Let’s see how sklearn.compose.ColumnTransformer works with a pandas.DataFrame containing multiIndex as columns.

The following cell implements pandas.DataFrame with multiIndex.

sample_size = 1000
np.random.seed(10)

test_frame = pd.DataFrame({
    ("numeric", "var1") : np.random.randint(0, 10, size=sample_size),
    ("numeric", "var2") : np.random.randint(0, 10, size=sample_size),
    ("categorial", "var1") : np.random.choice(["a", "b"], size=sample_size),
    ("categorial", "var2") : np.random.choice(["a", "b"], size=sample_size)
})
test_frame.head()
numeric categorial
var1 var2 var1 var2
0 9 2 b b
1 4 0 b a
2 0 2 a a
3 1 0 b a
4 9 7 b a

Basic case#

Here we build a ColumnsTransformer which literally specifies as columns what is in the columns argument of the corresponding subsample. The transofmer itself is displayed in HTML so you can check what exactly was passed as the names of the columns.

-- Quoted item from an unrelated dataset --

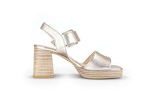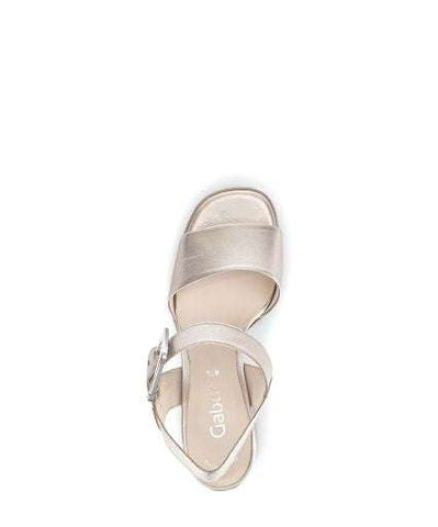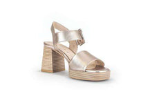 The Gabor 4478062-Sandal is a type of fashion footwear, crafted with effect leather and satin met. It features a chic puder color and a multicolor design, highlighting its BEST FITTING characteristic.

numeric_columns = test_frame.select_dtypes("number").columns
categorial_columns = test_frame.select_dtypes("O").columns
transformer = ColumnTransformer([
    ("numeric transformer", StandardScaler(), numeric_columns),
    ("categorial transformer", OneHotEncoder(), categorial_columns)
])

display(HTML(header_template.format(
    "Transformer representation in HTML"
)))
display(transformer)
display(HTML(header_template.format("Transforamtion result")))
display(transformer.fit_transform(test_frame).round(3))
display(HTML(header_template.format("Features names out")))
display(transformer.get_feature_names_out())
Transformer representation in HTML
ColumnTransformer(transformers=[('numeric transformer', StandardScaler(),
                                 MultiIndex([('numeric', 'var1'),
            ('numeric', 'var2')],
           )),
                                ('categorial transformer', OneHotEncoder(),
                                 MultiIndex([('categorial', 'var1'),
            ('categorial', 'var2')],
           ))])
In a Jupyter environment, please rerun this cell to show the HTML representation or trust the notebook.
On GitHub, the HTML representation is unable to render, please try loading this page with nbviewer.org.
Transforamtion result
array([[ 1.517, -0.853,  0.   ,  1.   ,  0.   ,  1.   ],
       [-0.193, -1.547,  0.   ,  1.   ,  1.   ,  0.   ],
       [-1.562, -0.853,  1.   ,  0.   ,  1.   ,  0.   ],
       ...,
       [-0.878,  0.188,  1.   ,  0.   ,  1.   ,  0.   ],
       [-0.193, -0.853,  1.   ,  0.   ,  1.   ,  0.   ],
       [ 0.491,  1.229,  0.   ,  1.   ,  0.   ,  1.   ]])
Features names out
array(['numeric transformer__x0', 'numeric transformer__x1',
       'categorial transformer__x2_a', 'categorial transformer__x2_b',
       'categorial transformer__x3_a', 'categorial transformer__x3_b'],
      dtype=object)

It works fine. But in the out feature names it uses x0, x1, x2, ... instead of the input names.

Passing upper levels#

It would be great if sklearn were able to pass the subframe under a certain value of the upper index.

try:
    ColumnTransformer([
        ("numeric transformer", StandardScaler(), ["numeric"]),
        ("categorial transformer", OneHotEncoder(), ["categorial"])
    ]).fit_transform(
        test_frame
    )
except Exception as e:
    print(e)
Selected columns, ['numeric'], are not unique in dataframe

It returns error so it isn’t possible yet.